Carr Communications
- Industry: Public relations Marketing Training
- Founded: 1973
- Founder: Bunny Carr
- Headquarters: Dublin, Ireland
- Key people: Tony Hughes (managing director) Donal Cronin (director)
- Website: carrcommunications.ie

= Carr Communications =

Irish public relations and training company

Carr Communications is a public relations and training company in Ireland. Founded in 1973 by television presenter Bunny Carr, the firm is known for its media training services, particularly for politicians and public figures. Carr Communications has expanded into wider public relations and communications consulting, working with both private sector clients and government agencies. The company has undergone several ownership changes, including a management buyout in 2004, and has been noted for its influence on political communication in Ireland.

== History ==
It was founded in 1973 by the Irish television presenter Bunny Carr.
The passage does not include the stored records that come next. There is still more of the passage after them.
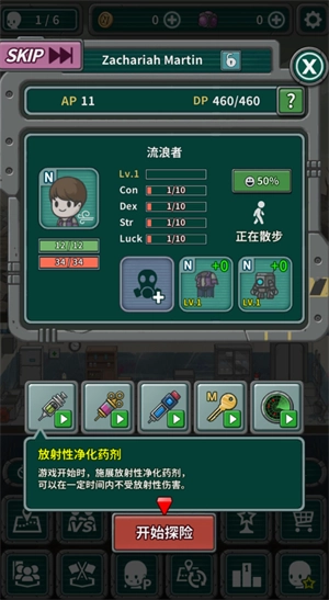 4、终于抵达了探险区域。这片区域已遭受放射性污染,持续对居民造成伤害,在居民的HP降至0之前,务必返回探险起始的当前人口所在地。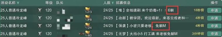 熟悉的打开招募,检索25普通冷龙峰,黑话解释:暂6/6躺:暂时有6个躺本的老板,一般来说是1-10免躺:躺本免费,不需要最低消费多少躺m:为了避免职业冲突,让老板利益最大,躺本前都必须密聊团长询问,还要不要某职业的躺本老板,点击队长D,右键密聊格式如下图2: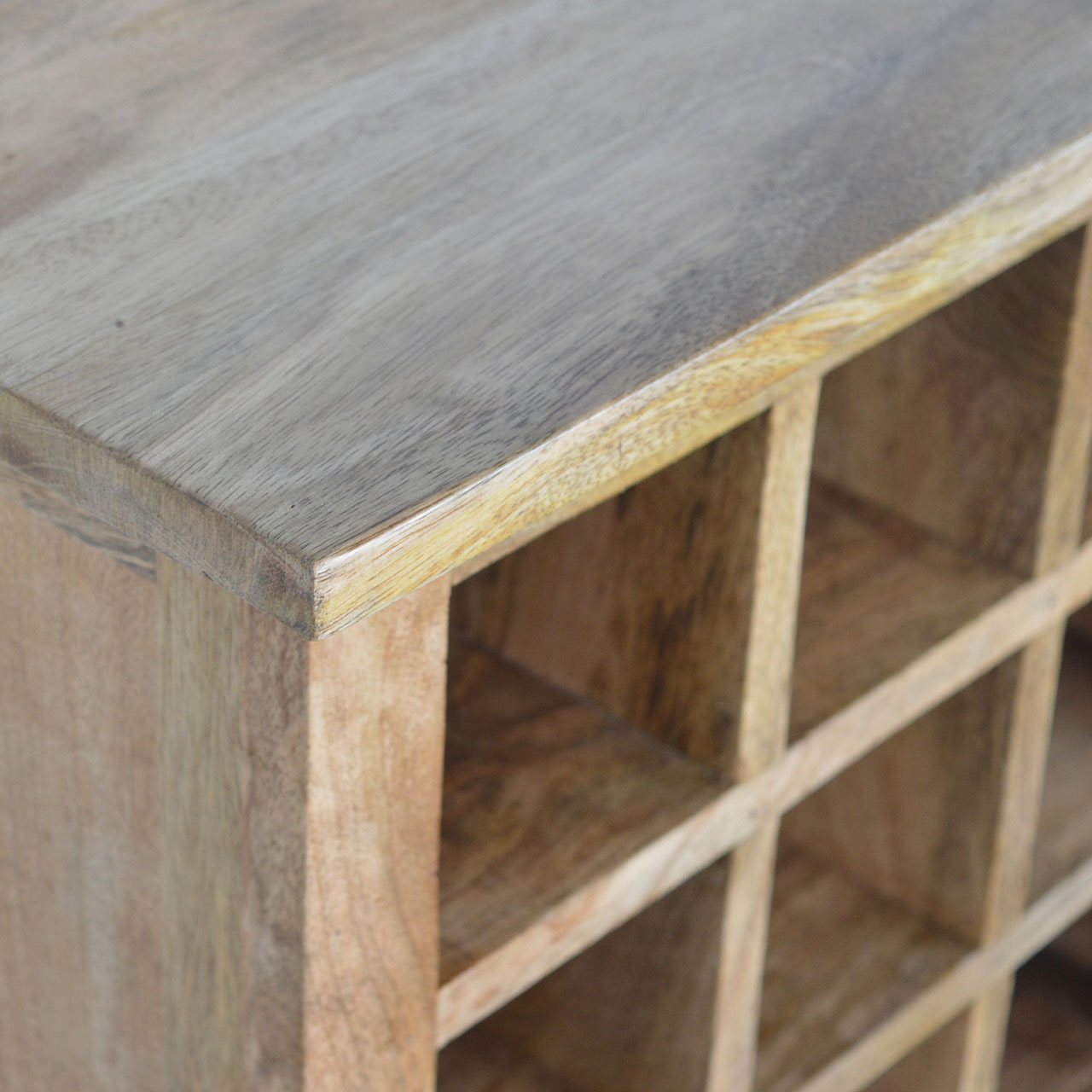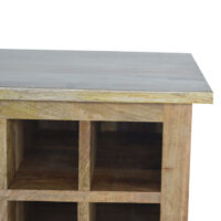 This is a beautifully handcrafted cabinet that offers 3 drawers and 9 wine bottle slots, it is constructed from 100% solid mango wood with an oak-ish finish. The slots are ideal to store any wine bottles and groceries or bits and bobs for the kitchen on the lower three shelves. It is practical storage that is built to last and is the perfect addition to any kitchen or dining room. Every piece of furniture is individually handcrafted and includes swing care tickets explaining the cautions and aftercare instructions.

Under Managing Director Terry Prone, the company expanded into public relations. The company has trained politicians to appear in media, including former Taoisigh, Bertie Ahern TD, Charles Haughey and Garret Fitzgerald as well as other prominent TDs from different political parties.

The company was subject to a management buyout in 2004 and the company's profits improved substantially. In 2008, Donal Cronin and Fergus Hoban became owners of the company following the departure of a number of senior executives. Terry Prone resigned as a director of the company in February 2008 and others left with her to set up a rival company.

In February 2008, Tony Hughes rejoined the company as managing director. In March 2008, it was reported that the company received substantial government contracts for its services.